Work request: Every line from the start of the data through the line containing "اللون: فستان سهرة" should be retyped exactly; the pictures should not.

Data supplied:
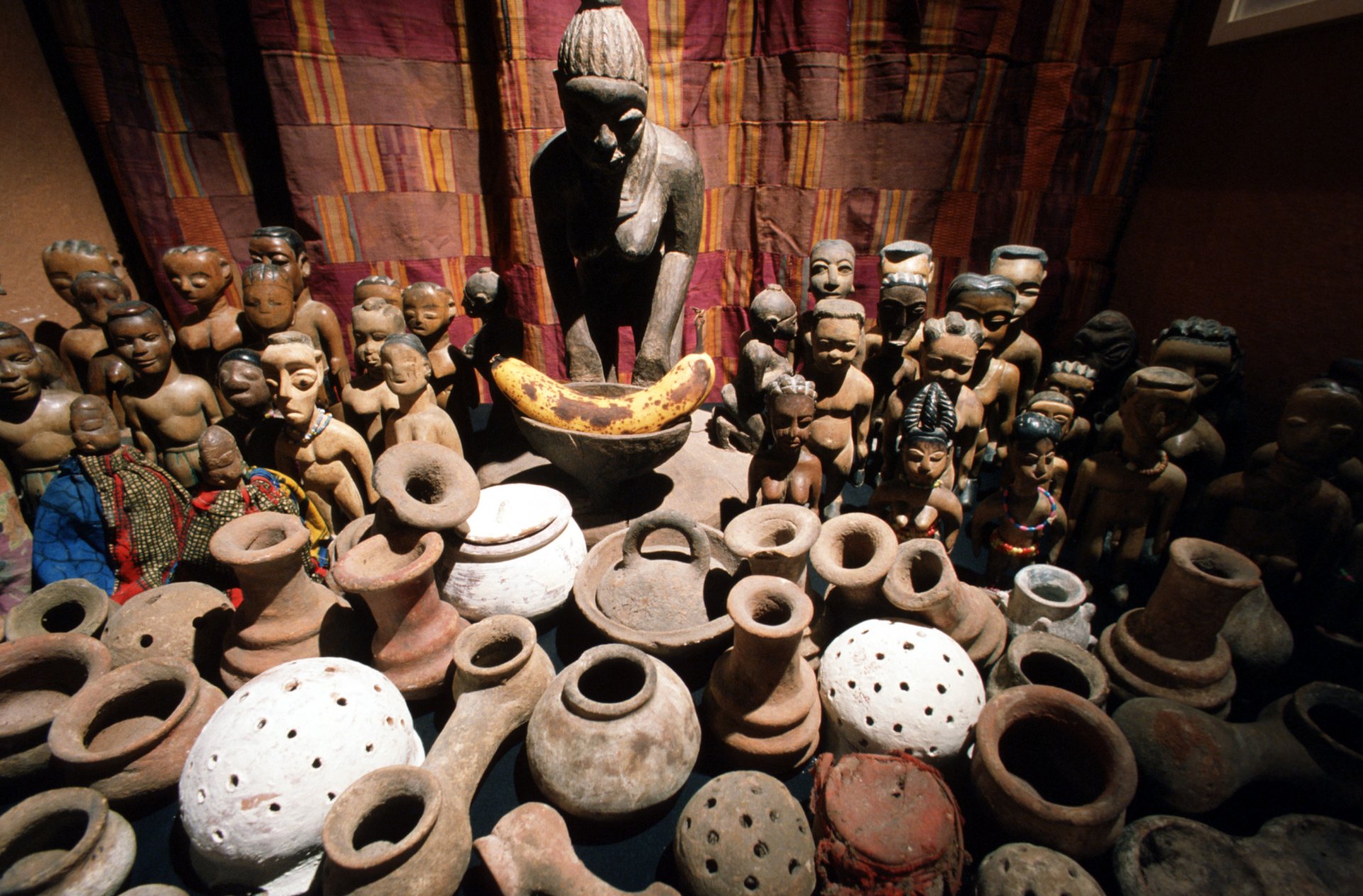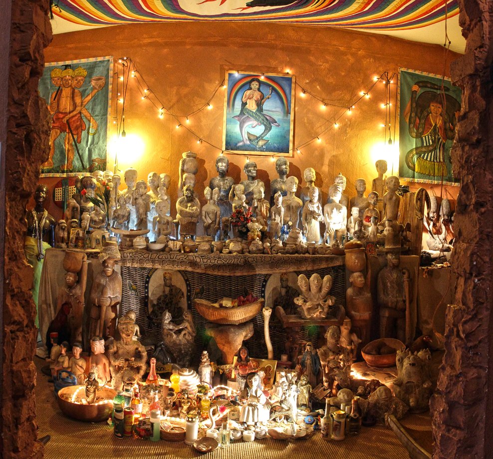 The shrine has 100 small Mami Wata figures on it.
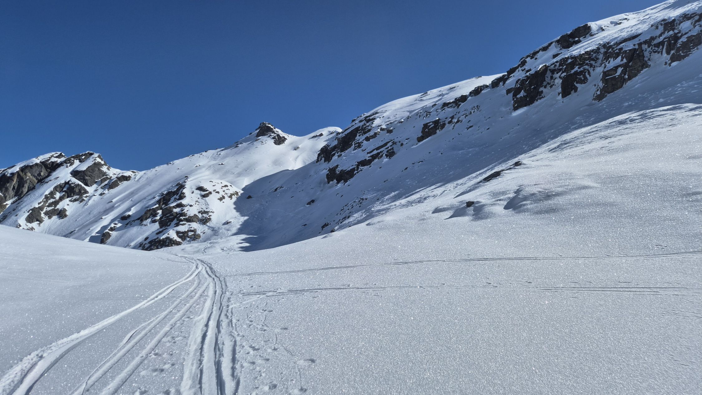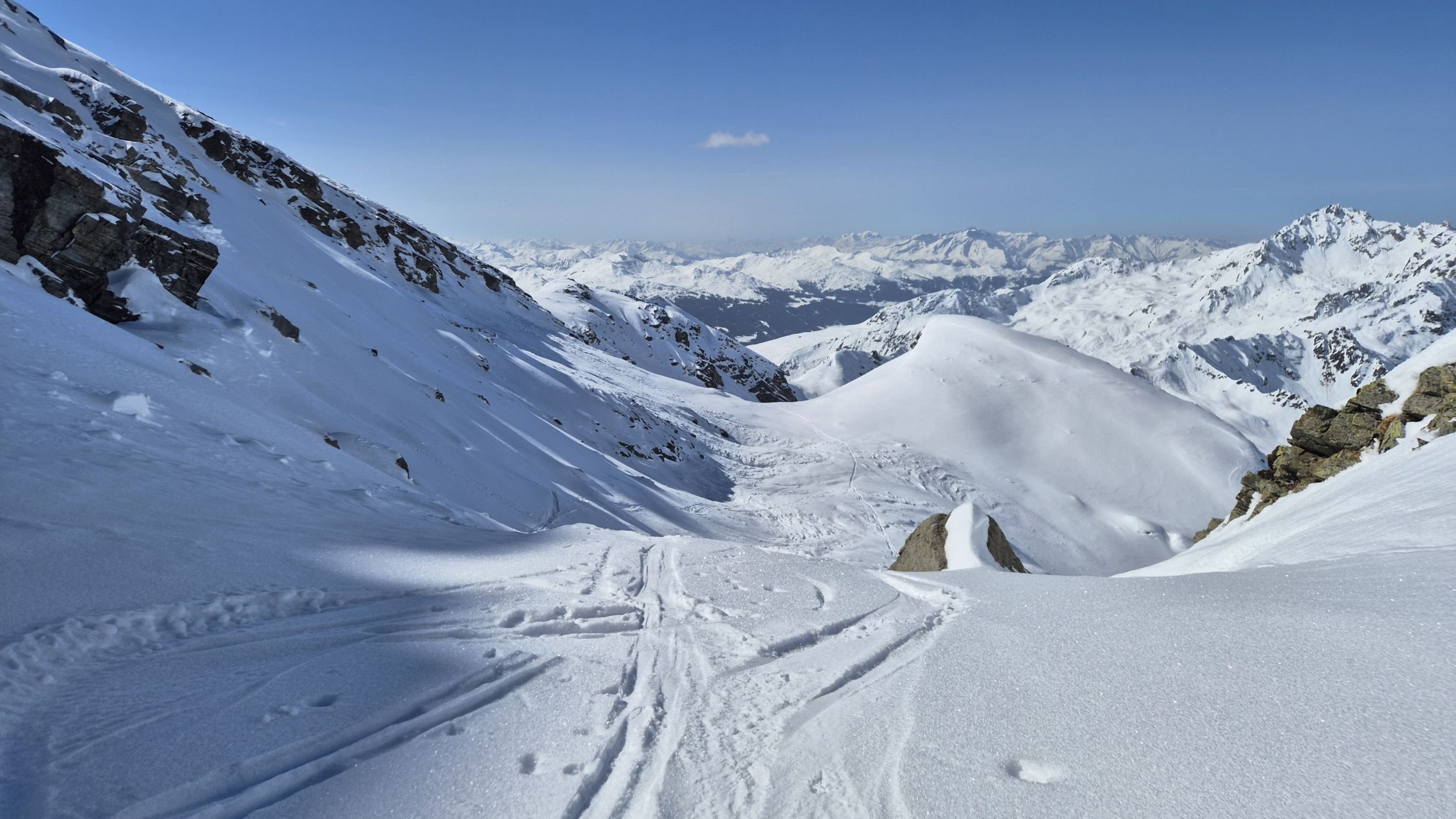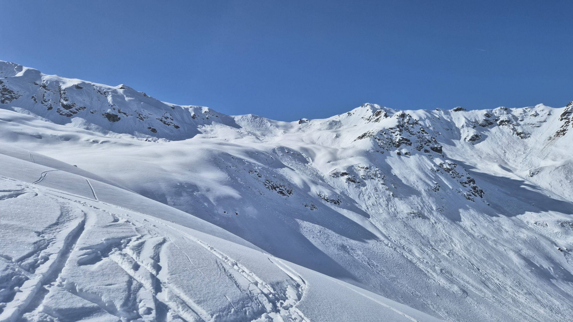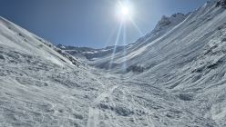 Viel lawinenschnee liegt herum. Der valzifenz wurde noch nicht gemacht, da ist fast der ganze Hang herunter.
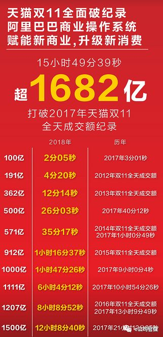 在今天上午8时8分52秒,天猫双11成交总额就已突破1207亿,轻松超过2016年双11全天的成交总额,用时比去年再快5小时。2017年天猫双11直到当天下午的13点09分49秒,成交总额超过1207亿。
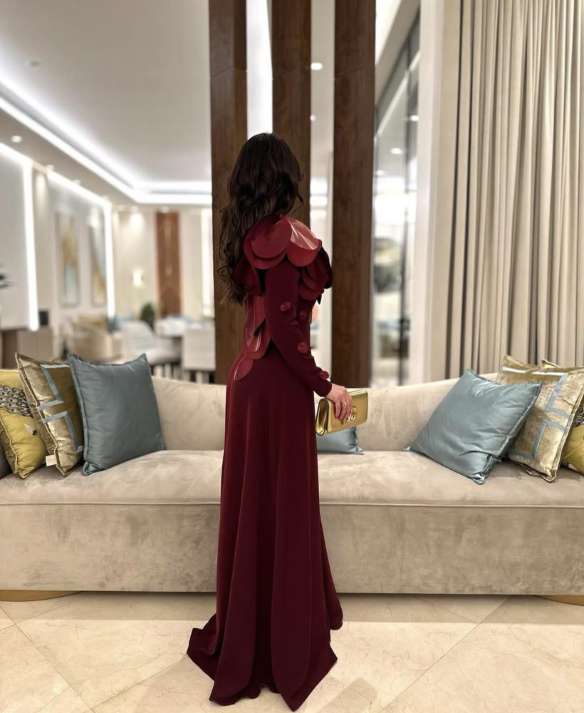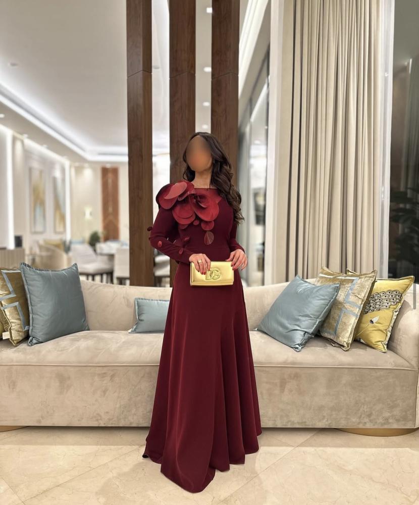 اللون: فستان سهرة طويل بلون "عنابي" عميق أو "خمري" (Bordeaux/Maroon).
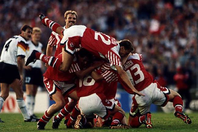Los daneses estaban de vacaciones hace 24 años. No se habían clasificado por los pelos para la Eurocopa de aquel año, que tendría lugar en Suecia. Sin embargo, la Guerra de los Balcanes lo cambió todo. Yugoslavia fue excluida y la tropa rojilla entró en la competición, que por entonces solo disputaban ocho contendientes. La estrella danesa, Michael Laudrup, no participó en el torneo.
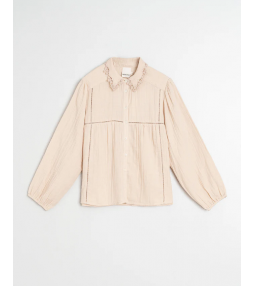 Camisa rosa palo cuello crochet vainicas doble gasa INDI&COLD
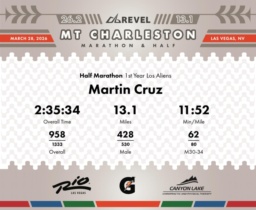 Date: March 28, 2026 Participant: Martin Cruz #4285 Race: 2026 REVEL Mt Charleston Half Marathon Distance: 13.1 miles Weather: Unseasonably warm. Nice running temperatures at the start.

Result:
 The shrine has 100 small Mami Wata figures on it.
 Viel lawinenschnee liegt herum. Der valzifenz wurde noch nicht gemacht, da ist fast der ganze Hang herunter.
 在今天上午8时8分52秒,天猫双11成交总额就已突破1207亿,轻松超过2016年双11全天的成交总额,用时比去年再快5小时。2017年天猫双11直到当天下午的13点09分49秒,成交总额超过1207亿。
 اللون: فستان سهرة طويل بلون "عنابي" عميق أو "خمري" (Bordeaux/Maroon).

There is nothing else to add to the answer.